Around a third of people admitted to hospital with COVID-19 develop kidney damage (known as acute kidney injury or AKI). While AKI is often recoverable, it can sometimes lead to worsening of long-term kidney function and in some cases, permanent kidney failure requiring long-term dialysis or a kidney transplant. The complications caused by long-term kidney damage exert considerable stress on the NHS and it is important that we know what to expect to be able to ensure that services are planned with sufficient capacity to cope.

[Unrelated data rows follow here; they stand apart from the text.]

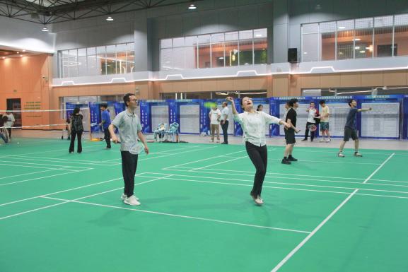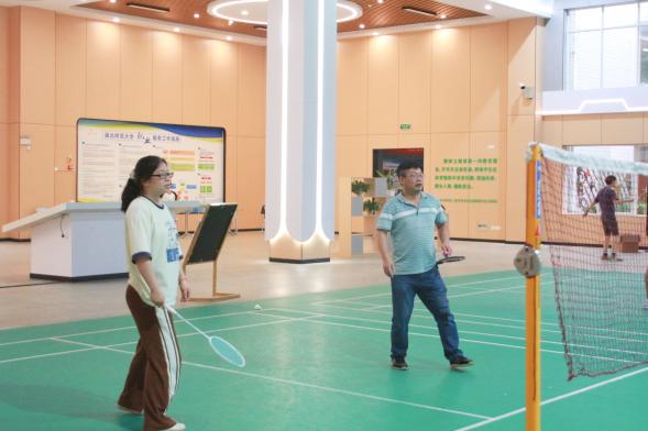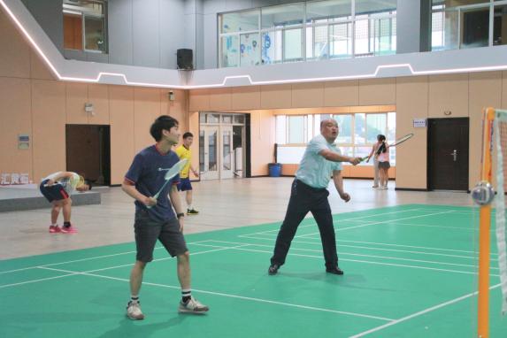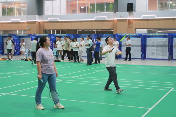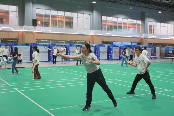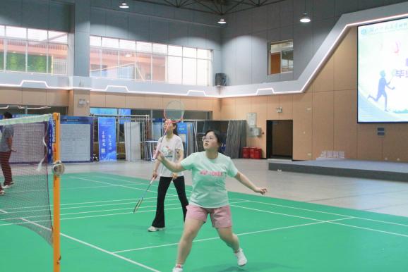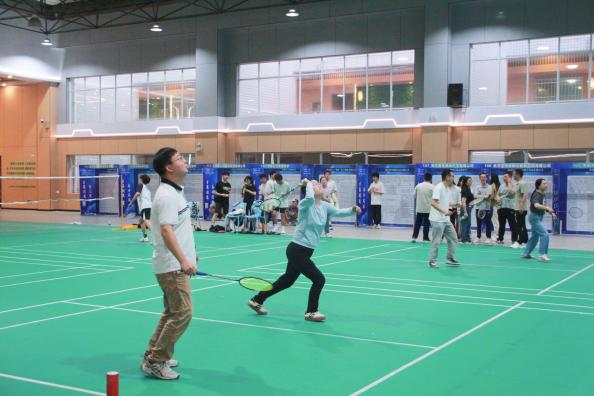 6月5日晚7点,在大学生活动中心羽毛球场,师生们身着运动服装,精神饱满地投入到比赛中。他们或轻盈跃起扣杀,或巧妙化解对方攻势,羽毛球在空中划出一道道优美的弧线。观众们则时而屏息凝神,时而欢呼雀跃,为选手们的精彩表现喝彩助威。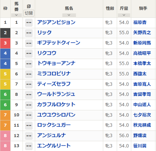 まだ3戦で相手関係もそこまで厳しいメンツと当たっていないので能力値を測るのは難しい。ただ血統やこれまでの3戦の競馬を見ている限りではなかなかの力の持ち主。重賞ではあるがアンジュルナを除けば自分の競馬が出来ればチャンスは十分にあるとみた。
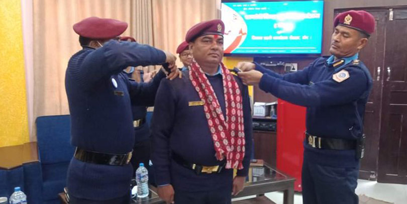 काठमाडौं । जिल्ला प्रहरी कार्यालय रौतहटका प्रहरी प्रमुख (एसपी) वीरबहादुर बुढा मगरले असईबाट सई पदमा बढुवा भएका अमिरा साहलाई दर्ज्यानी चिन्ह प्रदान गरेका छन् ।

For example, growing numbers of people requiring dialysis will require investment in the workforce and infrastructure. We plan to investigate what happens to long-term kidney function after COVID-19 using electronically coded GP records combined with hospital records routinely-collected from day-to-day patient care inEngland.

Our study will include adults without kidney failure to begin with (i.e. those not on dialysis or a kidney transplant). We will compare people with and without COVID-19 for differences in the rates of the following kidney outcomes:

  1. Newly-diagnosed kidney failure,
  2. 50% or more reduction in kidney function from before,
  3. Further AKI.

We will be able to determine whether outcomes vary based on the severity of COVID-19, based on time (e.g. during peaks, after widespread use of effective anti-COVID-19 drugs such as steroids), and based on levels of vaccination. We will account for factors such as age, sex, ethnicity, socioeconomic deprivation, smoking, BMI, and pre-existing medical problems such as diabetes.

As kidney failure is relatively rare in the general population, very large studies are needed to be able to investigate whether or not a group is at increased risk compared to other groups. Because of the size of the population in OpenSAFELY, we will be uniquely placed to be able to detect differences in this outcome due to COVID-19.